Organisation on the page
If there are thousands of lines of code on one page, this is a sign it could be poorly organised. Well-organised code separates its concerns across multiple files, potentially using custom libraries to group similar domains together.
Within files, if related code blocks are disparate, this could be an example of poor organisation of code on the page.
Global variables
Global variables are generally poor practice as they make code less modular and potentially less readable by polluting the namespace.
Magic numbers
Hard-coded values make it hard to maintain code as they make code less readable and potentially less modular.
Identifiers
Meaningful identifiers reduce the need for additional documentation by making code self-documenting. Meaningless identifiers make code harder to read. Similarly, gratuitously long identifiers indicate lack of insight and make code harder to read, e.g., variable_for_iterating_through_a_python_list_to_find_a_search_query_from_a_linear_search_as_specified_by_the_user is grotesque.
Data structures
Using appropriate data structures makes code easier to maintain and extend.
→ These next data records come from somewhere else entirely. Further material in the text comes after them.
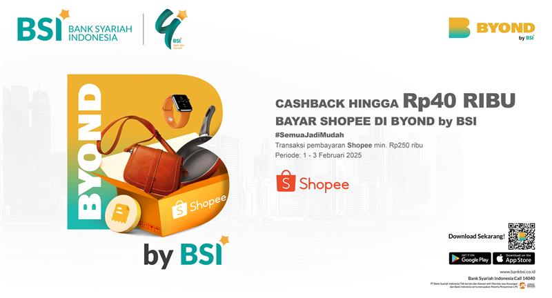 | Deskripsi Program | Pemberian cashback saldo tabungan hingga sebesar Rp40.000,- (empat puluh ribu rupiah) dalam rangka Milad BSI yang ke-4 diperuntukkan bagi nasabah perorangan yang berhasil melakukan transaksi pembayaran Shopee melalui BYOND by BSI minimal Rp250.000 (dua ratus lima puluh ribu rupiah). | ||||||
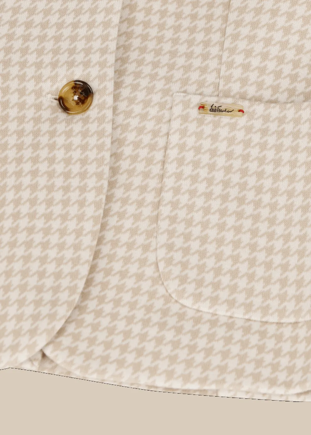 - Dieser halbgefütterte Blazer im Regular Fit mit Reverskragen besteht aus einem angenehmen Baumwoll-Viskose-Mix mit Stretchanteil und Hahnentrittmuster. Er ist mit zwei Knöpfen aus Bio-Horn verschließbar und hat zwei aufgesetzte Taschen.
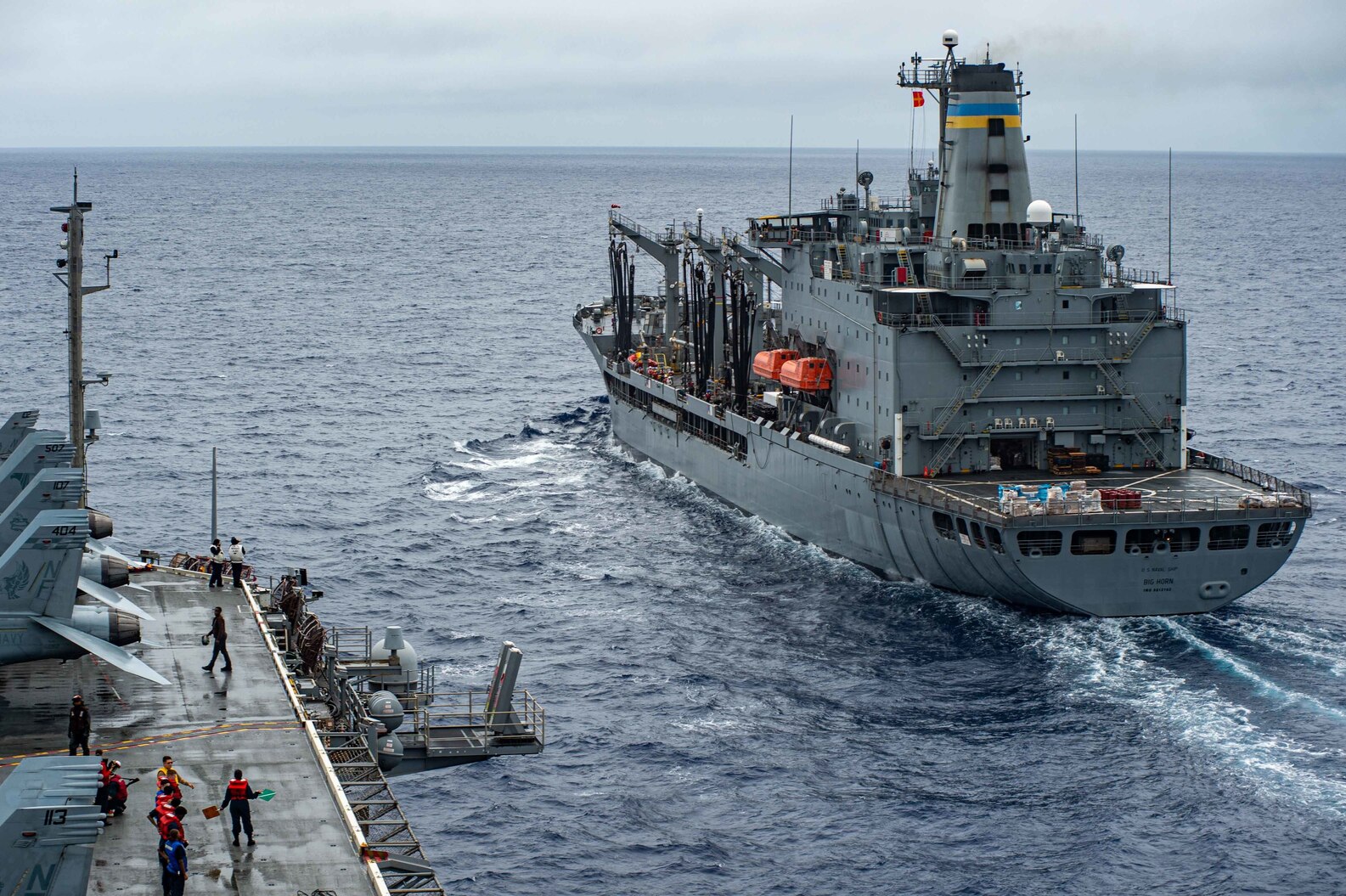 PHILIPPINE SEA (May 27, 2022) The U.S. Navy's only forward-deployed aircraft carrier USS Ronald Reagan (CVN 76), approaches the Military Sealift Command Henry J. Kaiser-class replenishment oiler USNS Big Horn (T-AO 198) in preparation for a replenishment-at-sea. During the evolution, Big Horn transported fuel and cargo to Ronald Reagan via connected replenishment. Ronald Reagan, the flagship of Carrier Strike Group 5, provides a combat-ready force that protects and defends the United States, and supports alliances, partnerships and collective maritime interests in the Indo-Pacific region. (U.S. Navy photo by Mass Communication Specialist 3rd Class Daniel G. Providakes)
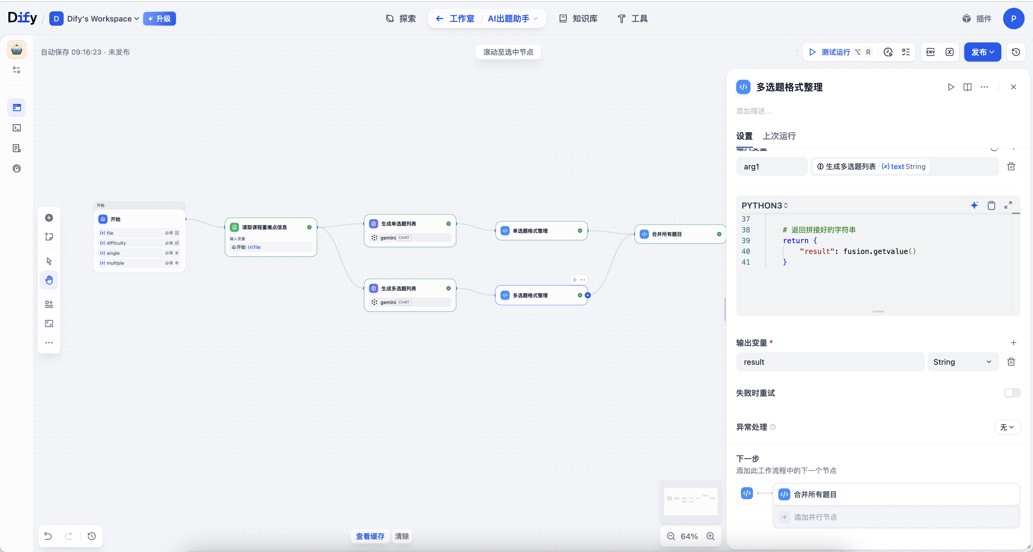 步骤5 & 6:格式化题目(代码节点)
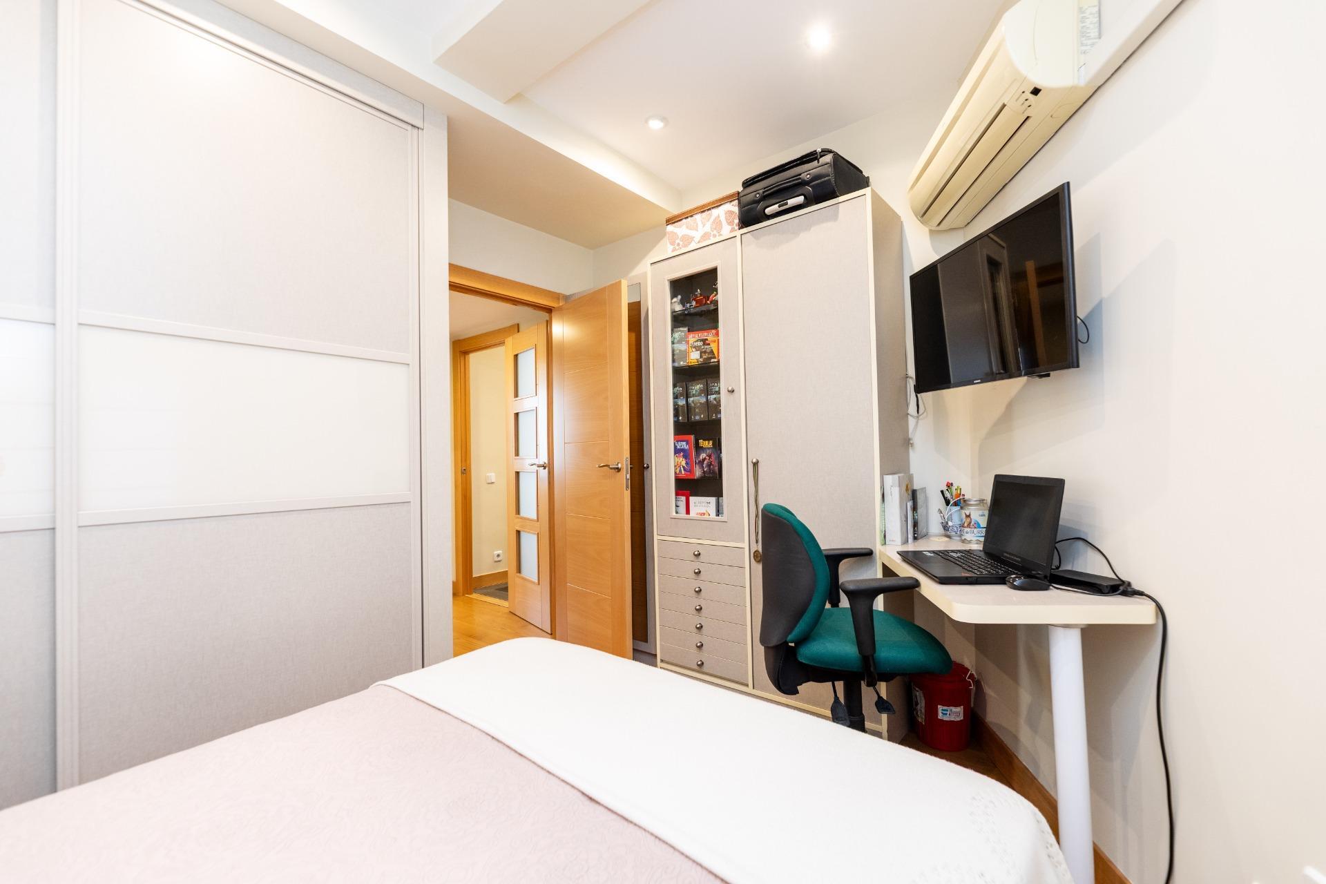 Dispone de cuatro dormitorios, todos ellos con armarios empotrados, y dos cuartos de baño completos. El salón, amplio y muy luminoso, cuenta con una superficie aproximada de 22 m², ofreciendo un espacio cómodo y elegante para el día a día.

Poor use of data structures makes code frustrating to work with.
For example, when storing several names, a non-thinking approach would be to store each name in a separate variable: name1, name2, name3. A more thoughtful approach would use a data structure like a list: names = [].
Sensible use of data structures
If you ever find yourself creating several variables with different number suffixes, stop. Think about data structures that would be more appropriate. Perhaps a list.
Poorly chosen data structures can also pose problems. Creating a custom object with data hiding and hundreds of methods to store three names is almost certainly a bad idea.
Test coverage
One of the main benefits of comprehensive test coverage is peace of mind that code still works when it is changed. The changes are fine if the tests pass and the comprehensive test coverage gives confidence that the program works as expected.
When test coverage isn’t comprehensive, maintenance becomes harder as either testing needs to be done ad-hoc or testing is skipped and issues go undetected. Taking the time to write comprehensive tests early in development makes future maintenance much easier.